Show replies by date

Benjamin Franz

27 Sep 27 Sep

5:19 p.m.

On 09/27/2010 08:15 AM, Tom Bishop wrote:

...

So I'm in the process of building and testing a raid setup and it appeared to take along time to build I came across some settings for setting the min amount of time and that helped but it appears that one of the disks is struggling (100 utilization) vs the other one...I was wondering if anyone else has seen this and if so, is their a solution for it...my 2 disks are 1 Samsung F3 1tb /dev/sdb and 1 Seagate 7200.12 1Tb /dev/sdc...smartctl looks good on both....

[...]

What is the output from 'cat /proc/mdstat'?

-- Benjamin Franz

Les Mikesell

5:24 p.m.

On 9/27/2010 12:19 PM, Benjamin Franz wrote:

...

On 09/27/2010 08:15 AM, Tom Bishop wrote:

...
So I'm in the process of building and testing a raid setup and it appeared to take along time to build I came across some settings for setting the min amount of time and that helped but it appears that one of the disks is struggling (100 utilization) vs the other one...I was wondering if anyone else has seen this and if so, is their a solution for it...my 2 disks are 1 Samsung F3 1tb /dev/sdb and 1 Seagate 7200.12 1Tb /dev/sdc...smartctl looks good on both....

[...]

What is the output from 'cat /proc/mdstat'?

Also, head position/motion is the usual limiting factor with disk performance. Do you have other disk activity that will keep yanking the head on the active drive away from the track currently needed for the rebuild?

-- Les Mikesell lesmikesell@gmail.com

Ross Walker

10:54 p.m.

On Sep 27, 2010, at 1:24 PM, Les Mikesell lesmikesell@gmail.com wrote:

...

On 9/27/2010 12:19 PM, Benjamin Franz wrote:

...
On 09/27/2010 08:15 AM, Tom Bishop wrote:

...
So I'm in the process of building and testing a raid setup and it appeared to take along time to build I came across some settings for setting the min amount of time and that helped but it appears that one of the disks is struggling (100 utilization) vs the other one...I was wondering if anyone else has seen this and if so, is their a solution for it...my 2 disks are 1 Samsung F3 1tb /dev/sdb and 1 Seagate 7200.12 1Tb /dev/sdc...smartctl looks good on both....

[...]

What is the output from 'cat /proc/mdstat'?

Also, head position/motion is the usual limiting factor with disk performance. Do you have other disk activity that will keep yanking the head on the active drive away from the track currently needed for the rebuild?

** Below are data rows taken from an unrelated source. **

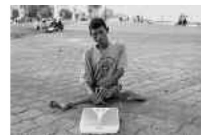
「体重測定屋で小銭を稼ぎ、その日を生き延びる身体障害者の男性」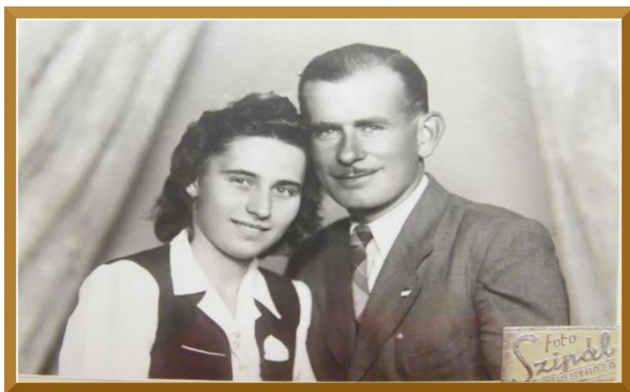
1. sz. kép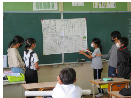
<いぶすきふるさと学>

10月8日(土)に本年度も北指宿中学校と南指宿中学校の1年生と本校の6年生が総合的な学習の時間に交流をしました。小中交流学习では「いぶすき学」でお互いに調べたことを壁新聞にして発表しました。中学生が6年生を上手にリードしながら学習を進めてくれました。休憩中は、中学校の学習の様子や部活のことなども教えてくれました。来年は6年生が、今の5年生を引っ張って授業をしなければなりません。今から来年度に向けた準備をしておきましょう。半年で立派に成長した中学生を見て、とても頼もしかったです。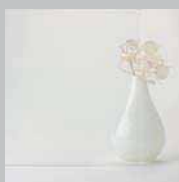
ULTRACLEAR FLOAT GLASS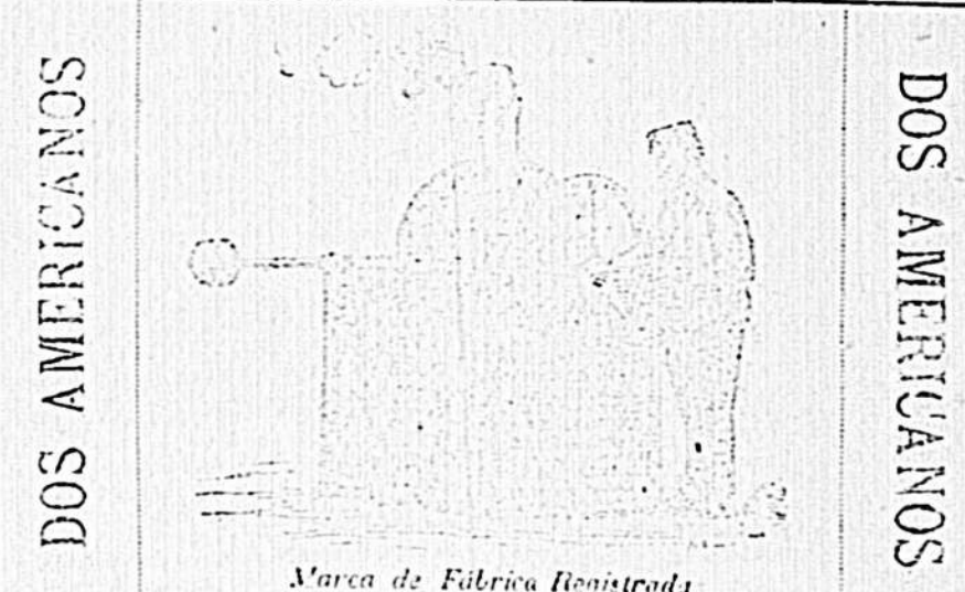
Marca de Fábrica Registrada

El café está acondicionado en tarros de medio, uno, dos y cinco kilos. El comprador puede llevarlo tostado, en grano ó molido. —En las ventas por mayor hacemos un descuento conveniente.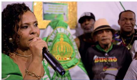
Com entrada franca, a festa terá presenças de nomes importantes do samba no espaço histórico da Edgard Romero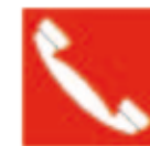
Téléphone pour la lutte contre l'incendie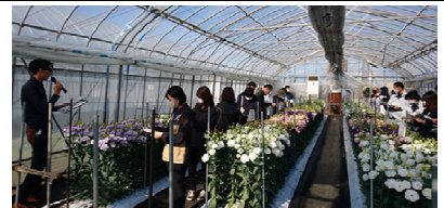
花き関係者と連携した研修会の開催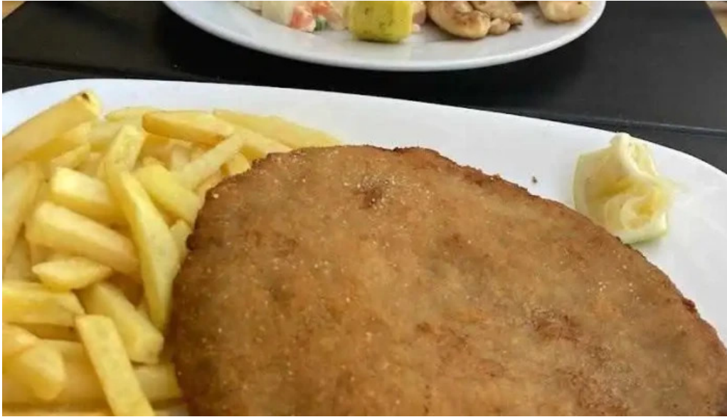
La pasiva papas fritas

Also, also, if any of the drives are operating in PIO mode (Legacy Mode) then rebuild times will be horrific, as well as performance afterward. Make sure all drives are in SATA/AHCI mode.

-Ross

PS look at svc_tm in iostat and make sure all drives are performing correctly. Maybe a bad cable or flakey port expander...

Tom Bishop

28 Sep 28 Sep

12:05 a.m.

Thanks ROss, I poured through my dmesg logs and all looks well, things appear fine but i don't think the samsung should be running at 100%...something is not right but it hasn't bit me yet....her are my dmesg logs...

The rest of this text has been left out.